··· Information supplied

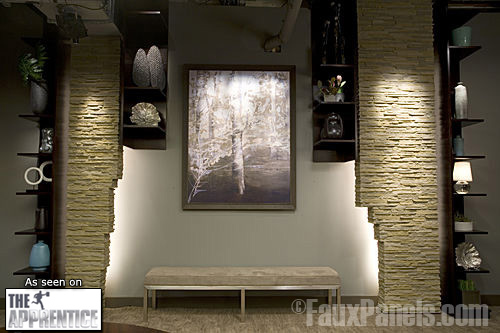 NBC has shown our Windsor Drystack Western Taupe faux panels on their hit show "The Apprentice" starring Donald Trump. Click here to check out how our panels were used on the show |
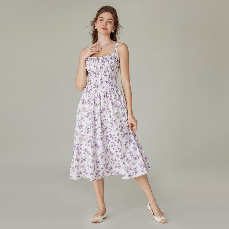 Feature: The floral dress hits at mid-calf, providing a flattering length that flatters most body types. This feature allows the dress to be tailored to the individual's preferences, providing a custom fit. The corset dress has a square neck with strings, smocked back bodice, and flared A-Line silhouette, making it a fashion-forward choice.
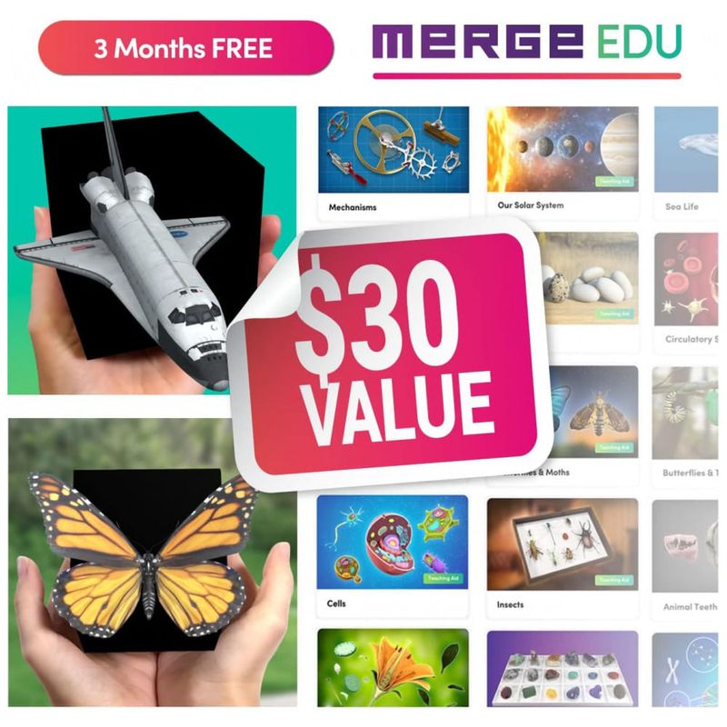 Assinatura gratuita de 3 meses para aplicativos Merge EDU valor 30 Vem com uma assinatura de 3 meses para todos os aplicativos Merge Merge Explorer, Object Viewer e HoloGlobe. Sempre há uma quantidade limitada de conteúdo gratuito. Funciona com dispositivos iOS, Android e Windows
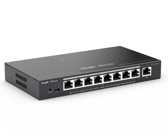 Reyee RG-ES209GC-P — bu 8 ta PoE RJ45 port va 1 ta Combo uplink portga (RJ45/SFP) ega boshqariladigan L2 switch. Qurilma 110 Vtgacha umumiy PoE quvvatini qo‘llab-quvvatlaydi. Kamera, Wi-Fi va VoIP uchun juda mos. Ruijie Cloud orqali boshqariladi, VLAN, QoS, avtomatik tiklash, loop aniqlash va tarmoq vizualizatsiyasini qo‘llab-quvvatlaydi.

······

What you are asked to do
Please output all the data exactly as given, with the pictures omitted.

Task solution
 NBC has shown our Windsor Drystack Western Taupe faux panels on their hit show "The Apprentice" starring Donald Trump. Click here to check out how our panels were used on the show |
 Feature: The floral dress hits at mid-calf, providing a flattering length that flatters most body types. This feature allows the dress to be tailored to the individual's preferences, providing a custom fit. The corset dress has a square neck with strings, smocked back bodice, and flared A-Line silhouette, making it a fashion-forward choice.
 Assinatura gratuita de 3 meses para aplicativos Merge EDU valor 30 Vem com uma assinatura de 3 meses para todos os aplicativos Merge Merge Explorer, Object Viewer e HoloGlobe. Sempre há uma quantidade limitada de conteúdo gratuito. Funciona com dispositivos iOS, Android e Windows
 Reyee RG-ES209GC-P — bu 8 ta PoE RJ45 port va 1 ta Combo uplink portga (RJ45/SFP) ega boshqariladigan L2 switch. Qurilma 110 Vtgacha umumiy PoE quvvatini qo‘llab-quvvatlaydi. Kamera, Wi-Fi va VoIP uchun juda mos. Ruijie Cloud orqali boshqariladi, VLAN, QoS, avtomatik tiklash, loop aniqlash va tarmoq vizualizatsiyasini qo‘llab-quvvatlaydi.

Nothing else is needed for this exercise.